(Work item) What is needed is an exact copy of the lines in the entries below from the one holding "Julio Jones Philadelphia" through the one holding "Robe d'été élégante", pictures excluded.

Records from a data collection
____________
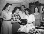 Mrs. J. T. Mays, Mrs. G. L. Ledingham, Mrs. R. E. Winger, Polly Riley and Mr. Bob Thomas, left to right, admire bag women golfers presented to Mrs. Ledingham, who leaves shortly on tour of Scotland. Mrs. Ledingham was luncheon honoree.
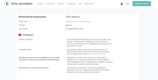 Щодо доходів нардепа, то М’ялік вказав, що за 2019 рік на посаді нардепа отримав 314 117 грн зарплати, а його дружина заробила за рік 29 099 грн.
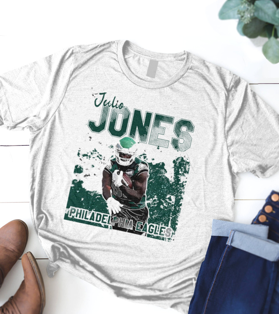 Julio Jones Philadelphia Eagles Shirt made from 100% pre-shrunk ring-spun cotton, unisex regular fit based on U.S. standard sizing. The shirt is designed, cut, sewn, and printed in the United States. Available in sizes S-5XL.
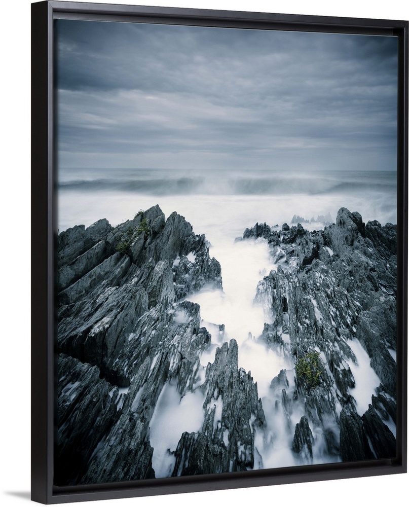 <p>Rough sea with surf and rugged rocks under stormy sky</p>
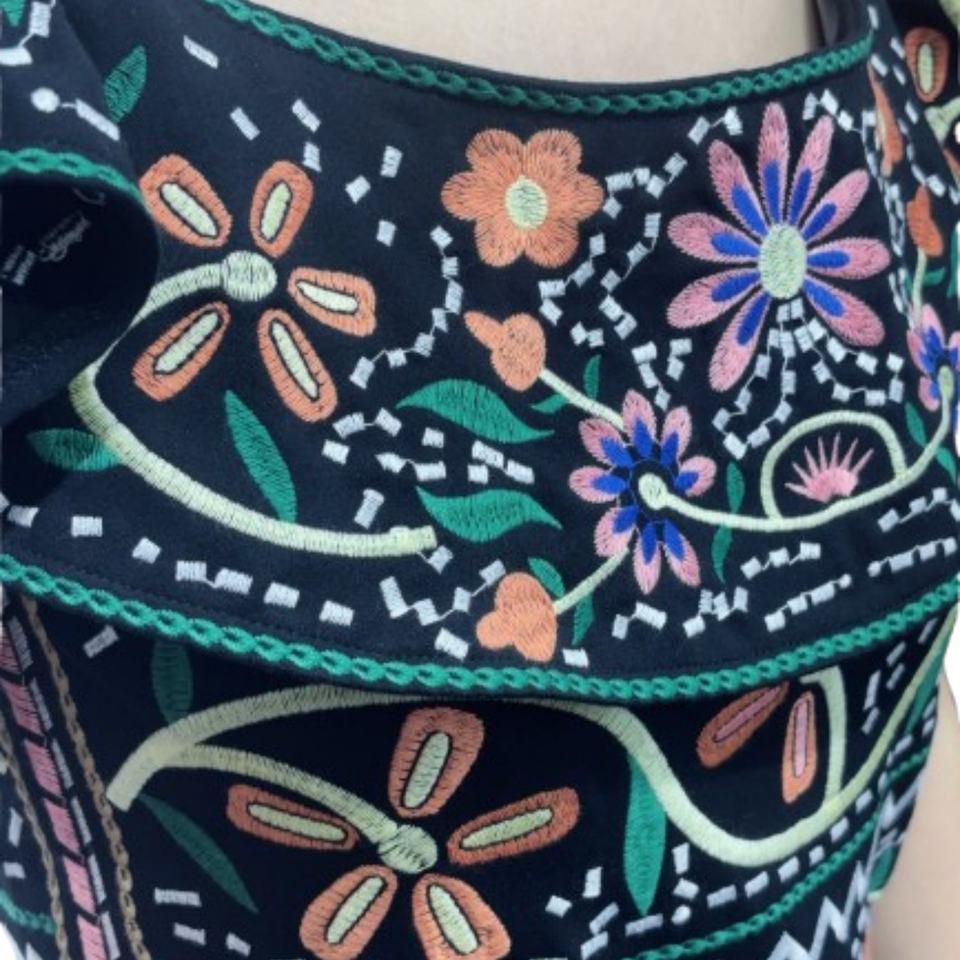 Robe d'été élégante pour femme, à épaules dénudées, avec broderie vintage et détails élastiques, idéale pour les soirées
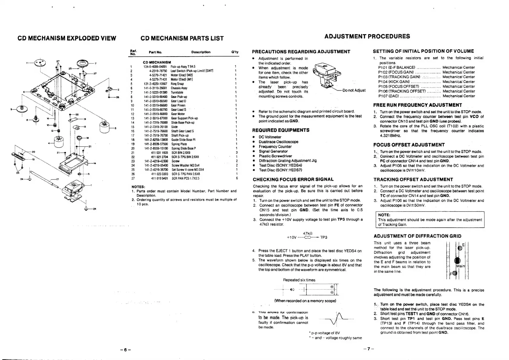 Fisher DAC-204 - CD Mechanism Exploded View; Adjustment Procedures
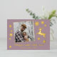 Custom Deer & Snowflakes On Mauve Pink Gold Foil Holiday Card
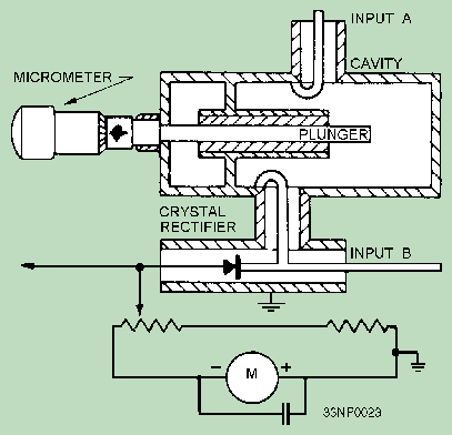 FREQUENCIES ABOVE THE AUDIO RANGE The signal frequencies of radio and radar equipments that operate in the UHF and SHF ranges can be measured by resonant, cavity-type wavemeters or resonant, coaxial-line-type wavemeters. When properly calibrated, resonant-cavity and resonant-coaxial line wavemeters are more accurate and have better stability than wavemeters used for measurements in the LF to VHF ranges. These frequency-measuring instruments are often furnished as part of the equipment. They are also available as general-purpose test sets. Although many wavemeters are used in performing various functions, the cavity-type wavemeter is the type most commonly used. Only this type is discussed in some detail. Cavity Wavemeter Figure 2-12 shows a typical CAVITY WAVEMETER. The wavemeter is of the type commonly used for the measurement of microwave frequencies. The device uses a resonant cavity. The resonant frequency of the cavity is varied by means of a plunger, which is mechanically connected to a micrometer mechanism. Movement of the plunger into the cavity reduces the cavity size and increases the resonant frequency. Conversely, an increase in the size of the cavity (made by withdrawing the plunger) lowers the resonant frequency. The microwave energy from the equipment being tested is fed into the wavemeter through one of two inputs, A or B. The crystal rectifier then detects (rectifies) the signal. The rectified current is indicated on current meter M. Figure 2-12. - Typical cavity wavemeter.
____________
(Response to the exercise)
 Julio Jones Philadelphia Eagles Shirt made from 100% pre-shrunk ring-spun cotton, unisex regular fit based on U.S. standard sizing. The shirt is designed, cut, sewn, and printed in the United States. Available in sizes S-5XL.
 <p>Rough sea with surf and rugged rocks under stormy sky</p>
 Robe d'été élégante pour femme, à épaules dénudées, avec broderie vintage et détails élastiques, idéale pour les soirées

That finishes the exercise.